Stored items from a collection:
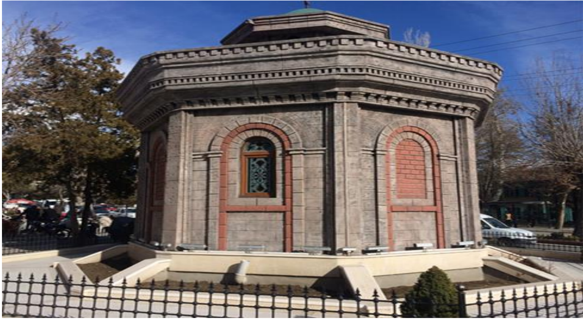
Görsel 3: Ahmed Kuddusi Makam Türbesi restorasyon sonrası
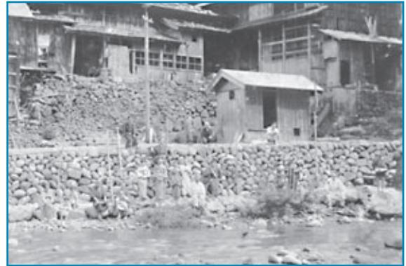
鳩ヶ湯：昭和8年撮影

負傷した山鳩が、傷を癒やしに沐浴(もくよく)にやってきたことから鳩ヶ湯の名があります。川べりに見える小屋では、当時、自家発電をしていたそうです。この鳩ヶ湯は今も、刈込池や赤兎山、荒島岳などへのハイキングや登山の基地になっています。
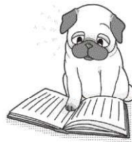
好きなことをする
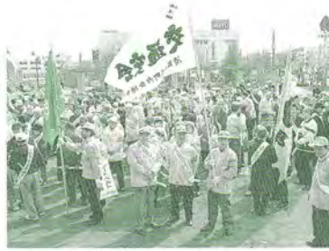
町連交通安全街頭啓発(4,7,9,11月)
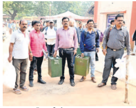
పోలింగ్ సామగ్రితో విధులకు వెళ్తున్న సిబ్బంది

సింగరేణి గుర్తింపు సంఘం ఎన్నికల సమరానికి సర్పంచ్ సిద్ధమైంది. నేడు 11 ఏరియల్ పోలింగ్ నిర్వహించేందుకు యంత్రాంగం సన్నద్ధమైంది. మొత్తం 13 సంఘాలు పోటీ చేస్తుండగా, 84 పోలింగ్ కేంద్రాలను ఏర్పాటు చేసేందుకు, 39,827 మంది ఓటు హక్కును వినియోగించుకోవడానికి, ఆ వెంటే కౌంటింగ్ పూర్తి చేసి ఫలితాలు వెలువరించనున్నది.
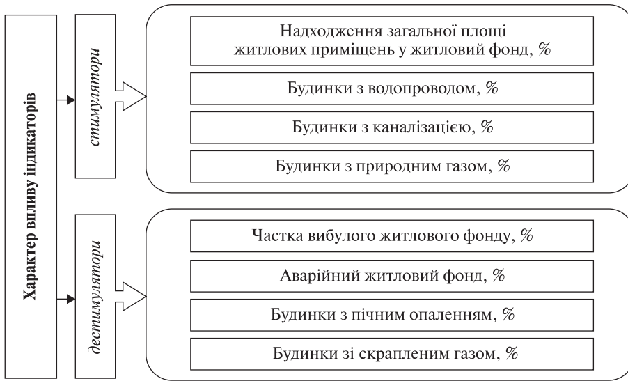
Рис. 1. Індикатори облаштування житлового фонду у сільській місцевості
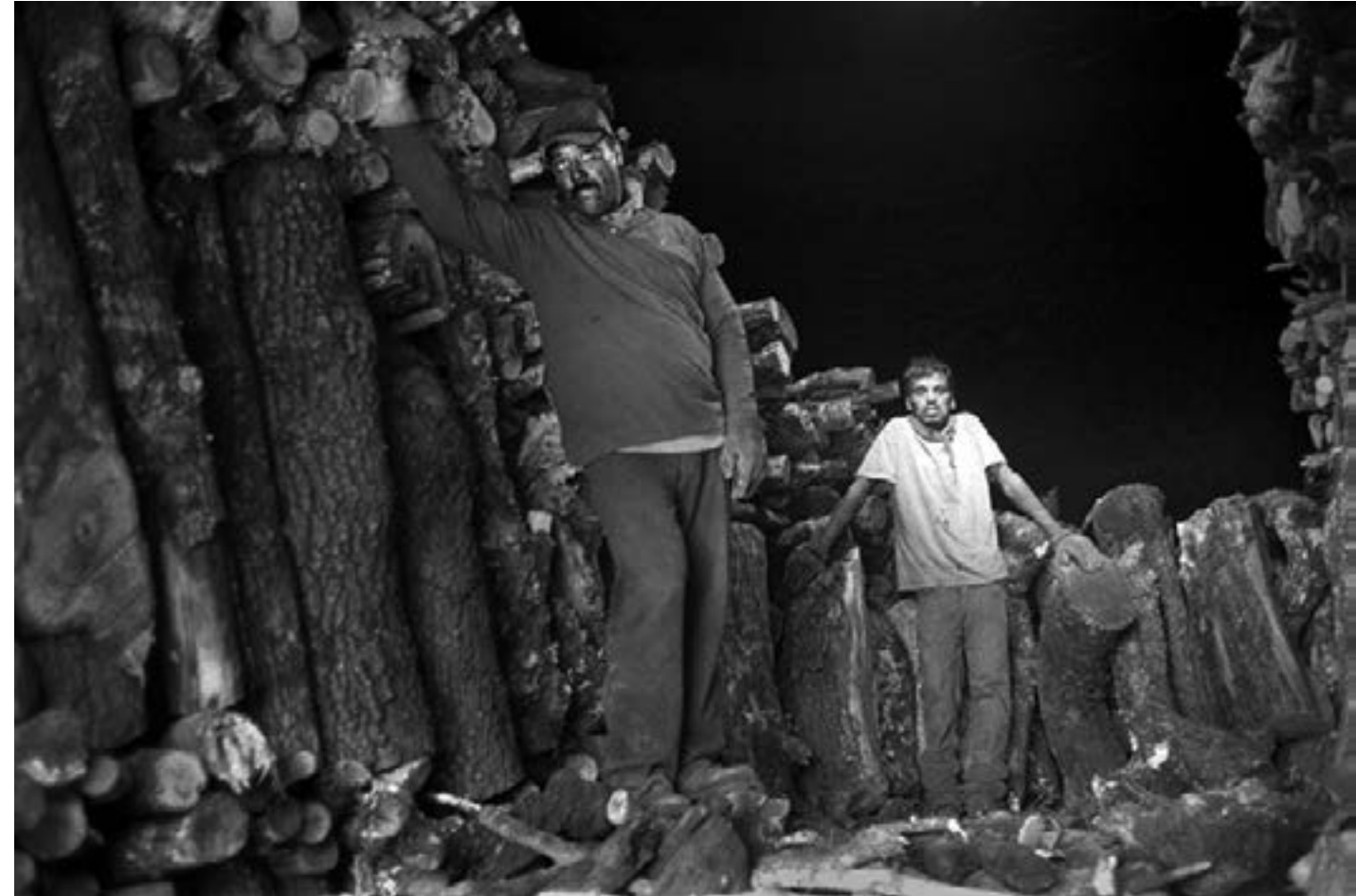
De la serie "México" Fábrica de carbón, Durango día 2 Año 2010 Fotografía Gelatina de plata sobre papel baritado 24 x 37,5 cm Edición 15 + A/P

* Exercise
Every line between the one containing "町連交通安全街頭啓発(4,7,9,11月)" and the last line of the data above, both included, should be copied exactly, but not the pictures.

* Your response
町連交通安全街頭啓発(4,7,9,11月)
పోలింగ్ సామగ్రితో విధులకు వెళ్తున్న సిబ్బంది

సింగరేణి గుర్తింపు సంఘం ఎన్నికల సమరానికి సర్పంచ్ సిద్ధమైంది. నేడు 11 ఏరియల్ పోలింగ్ నిర్వహించేందుకు యంత్రాంగం సన్నద్ధమైంది. మొత్తం 13 సంఘాలు పోటీ చేస్తుండగా, 84 పోలింగ్ కేంద్రాలను ఏర్పాటు చేసేందుకు, 39,827 మంది ఓటు హక్కును వినియోగించుకోవడానికి, ఆ వెంటే కౌంటింగ్ పూర్తి చేసి ఫలితాలు వెలువరించనున్నది.
Рис. 1. Індикатори облаштування житлового фонду у сільській місцевості
De la serie "México" Fábrica de carbón, Durango día 2 Año 2010 Fotografía Gelatina de plata sobre papel baritado 24 x 37,5 cm Edición 15 + A/P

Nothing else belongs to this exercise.